Furthermore, it is clear that entry to world markets today is possible only with substantial financial backing (to the tune of several billions or tens of billions of dollars). In Russia, such support can be provided, if at all, only by the state. (The only alternative, as already observed, and then only on a very small scale, might be the clans currently engaged in the export of our natural resources).

Third, while advocating free trade, the WTO in fact covertly restricts the import of goods into developed nations. Methods range from the textbook example of rigid quotas on agricultural imports (while these countries’ own agriculture is heavily subsidized), direct import restrictions on many goods, and the labeling of many hi-tech items as defense-related products which are excluded from the realm of free competition, to further indirect restrictions such as the antidumping regulation mentioned above.

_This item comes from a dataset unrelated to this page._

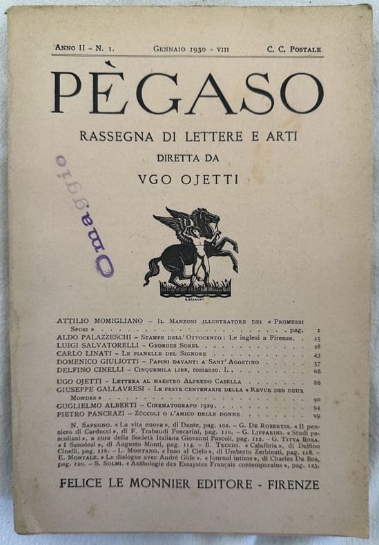 Numero del gennaio 1930 di questa importante rivista culturale pubblicata tra il 1929 ed il 1933 diretta da Ugo Ojetti. Alla rivista collaborarono importanti personalità dell'epoca, vennero pubblicate numerose opere in prima edizione e scritti inediti del Tommaseo, Manzoni ecc... All'interno: Il Manzone illustratore dei Promessi PSosi (Momigliano), Stampe dell'ottocento le inglesi a Firenze (Palazzeschi), Georges Sorel (Salvatorelli), Le pianelle del Signore (Linati), Papini davanti a Sant'Agostino (Giuliotti), Cinquemila lire (Cinelli), Lettera al Maestro Alfredo Casella (Ojetti), Le feste centenarie della "Revue des deux mondes" (Gallavresi), Cinematografo 1929 (Alberti), Zuccoli o l'amico delle donne (Pancrazi). In buone condizion. Brossura editoriale in buone condizioni generali con lievi usure ai margini e dorso. Legatura in buone condizioni. Pagine in ottime condizioni con rare fioriture. In 8. cm 24,5x16,5. Pp. (18)+128. Number of january 1930 of this important cultural review published between 1929 and 1933 directed by Ugo Ojetti. To the magazine many important personalities collaborated, different works in first edition were published and among them inedit writings of Tommaseo, Manzoni etc... All'interno: Il Manzone illustratore dei Promessi PSosi (Momigliano), Stampe dell'ottocento le inglesi a Firenze (Palazzeschi), Georges Sorel (Salvatorelli), Le pianelle del Signore (Linati), Papini davanti a Sant'Agostino (Giuliotti), Cinquemila lire (Cinelli), Lettera al Maestro Alfredo Casella (Ojetti), Le feste centenarie della "Revue des deux mondes" (Gallavresi), Cinematografo 1929 (Alberti), Zuccoli o l'amico delle donne (Pancrazi). In good conditions. Editorial cover in good general conditions lightly worn in the extremities. Binding in good conditions. Pages in very good conditions with occasional foxing.In 8. cm 24,5x16,5. Pp. (18)+128.

To sum up, let me stress that in their pursuit of what is effectively a strongly protectionist policy, the governments of the “powerful” countries tend to use indirect methods. Further examples include the use of financial pressure, geopolitical measures (including sanctions against rogue states, which they accuse of human rights violations or brand as “hotbeds of terrorism”), interference in internal affairs (sometimes obliquely, such as by granting credits only to IMF-approved governments), and even military intervention.

Fourth, the WTO is currently planning to reorganize its policy on the provision of services, to allow private capital equal rights as service-providers and permit free international competition. This will signal a decisive transformation of the institutions providing health-care, education, public transport, water-supply and so on, into profit-making companies, controlled by multinational corporations.

The investment company Merrill Lynch predicts that in the next decade public educational establishments will be privatized worldwide, generating profits on a previously unimagined scale.

Finally, let us not forget that the WTO leaves those countries whose rights are violated with recourse to just one main weapon: economic sanctions. But while, for example, the sort of economic sanctions the United States might use against Russia are clear, how effective would the economic sanctions Russia might impose on the United States be? And would our liberal government ever even dare to take measures that might encroach on U.S. interests?

Russian supporters of entry to the WTO point out that it will make foreign goods cheaper and more accessible, bringing many benefits to the Russian consumer, and will also help Russian exporters by boosting our economy and increasing budget revenue.

Let us examine these arguments, beginning with the interests of the consumer. Even if you suppose that joining the WTO will make foreign goods cheaper for Russian importers (which, as I have shown, is very doubtful), the ordinary consumer will gain little from this. Most of the imports bought by the majority of dealers on the wholesale-retail markets in fact enter Russia via channels which are unregulated by the WTO. For the street-traders (chelnoki) and their customers, Russia’s entry into the WTO will make little difference. If anyone does benefit from price reductions, it will only be the people who shop at smart boutiques, car showrooms and the quality supermarkets–in other words, the top 10-15 percent of the population–and also, to a limited extent, consumers of Coke, Pepsi and other sodas (though even this is not certain, as in most Russian towns the demand is for imitations rather than the genuine article).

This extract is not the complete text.